Note: This algorithm fails to give guarantee for dependency preservation.

To understand BCNF algorithm properly, we need to know the below two Definitions:

**Steps:**

- Identify the dependencies which violates the BCNF definition and consider that as X->A
- Decompose the relation R into XA & R-{A} (R minus A).
- Validate if both the decomposition are in BCNF or not.
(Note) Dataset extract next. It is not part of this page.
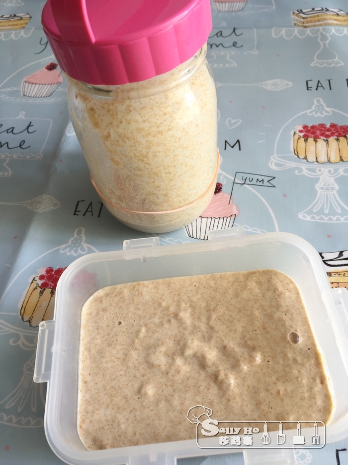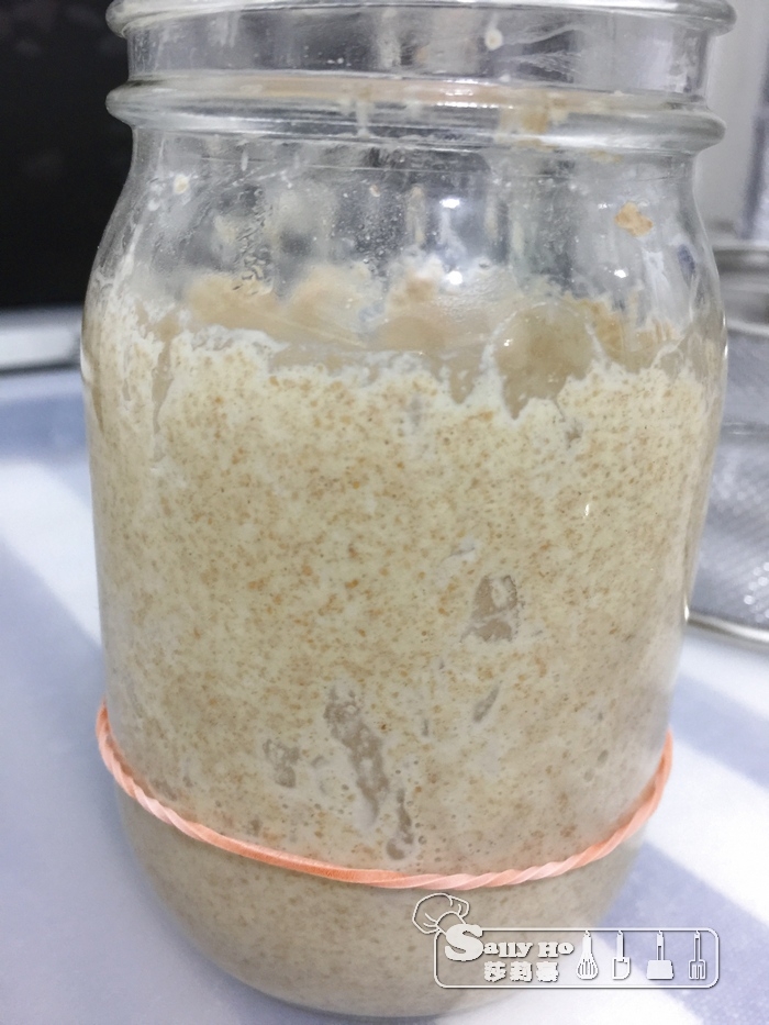 第一天,50g 麥粉, 50g水, 拌勻放24-48小時,目測升高一倍及有氣泡即可

If not re-apply the algorithm on the decomposition that is not in BCNF.

All the decomposition resulted by this algorithm would be in BCNF and they would be lossless however some of the decomposition will preserved the dependencies and rest not.

BCNF is not a preferred normal form as it does not guarantee for dependency preservation.

**Example:**

R(A,B,C,D,E) { AB->CD, D->E, A->C, B->D}

Find the BCNF decomposition of the above relation.

**Solution:**

Given Relation is R(A,B,C,D,E) with dependencies as {AB->CD, D->E, A->C, B->D}

Candidate Key for this relation is AB.

[ Here I am not going to explain how to get dependency closure and determine candidate key, for this you please refer another article as below:

How to determine Candidate Key using dependency closure. ]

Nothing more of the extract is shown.